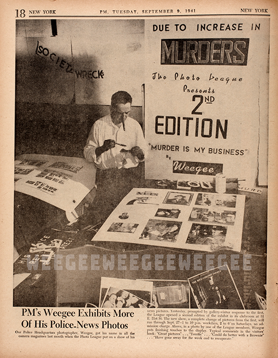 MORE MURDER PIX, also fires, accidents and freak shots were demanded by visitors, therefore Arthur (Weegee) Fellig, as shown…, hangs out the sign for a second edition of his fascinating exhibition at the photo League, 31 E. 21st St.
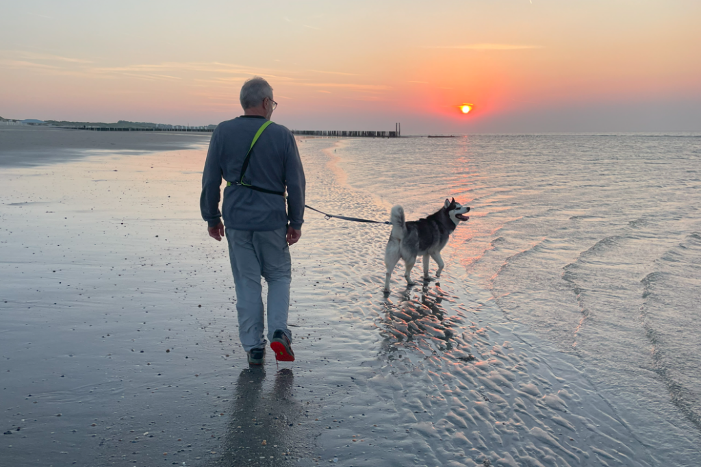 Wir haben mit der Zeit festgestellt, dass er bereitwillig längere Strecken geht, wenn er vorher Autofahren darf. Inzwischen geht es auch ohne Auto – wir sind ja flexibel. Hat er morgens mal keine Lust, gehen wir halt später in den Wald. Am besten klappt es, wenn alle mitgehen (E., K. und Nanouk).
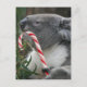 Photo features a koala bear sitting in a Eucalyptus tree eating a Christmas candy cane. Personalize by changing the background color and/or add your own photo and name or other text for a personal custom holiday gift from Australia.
--
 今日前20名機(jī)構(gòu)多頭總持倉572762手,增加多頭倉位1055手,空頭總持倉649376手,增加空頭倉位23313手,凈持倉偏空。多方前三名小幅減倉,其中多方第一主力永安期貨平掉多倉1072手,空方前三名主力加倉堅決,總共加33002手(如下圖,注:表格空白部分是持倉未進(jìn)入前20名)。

-- YOUR TASK --
Among the entries above, find the line with "MORE MURDER PIX, also" and repeat exactly from there through the line with "Photo features a", leaving out the pictures.

-- ANSWER BOX --
 MORE MURDER PIX, also fires, accidents and freak shots were demanded by visitors, therefore Arthur (Weegee) Fellig, as shown…, hangs out the sign for a second edition of his fascinating exhibition at the photo League, 31 E. 21st St.
 Wir haben mit der Zeit festgestellt, dass er bereitwillig längere Strecken geht, wenn er vorher Autofahren darf. Inzwischen geht es auch ohne Auto – wir sind ja flexibel. Hat er morgens mal keine Lust, gehen wir halt später in den Wald. Am besten klappt es, wenn alle mitgehen (E., K. und Nanouk).
 Photo features a koala bear sitting in a Eucalyptus tree eating a Christmas candy cane. Personalize by changing the background color and/or add your own photo and name or other text for a personal custom holiday gift from Australia.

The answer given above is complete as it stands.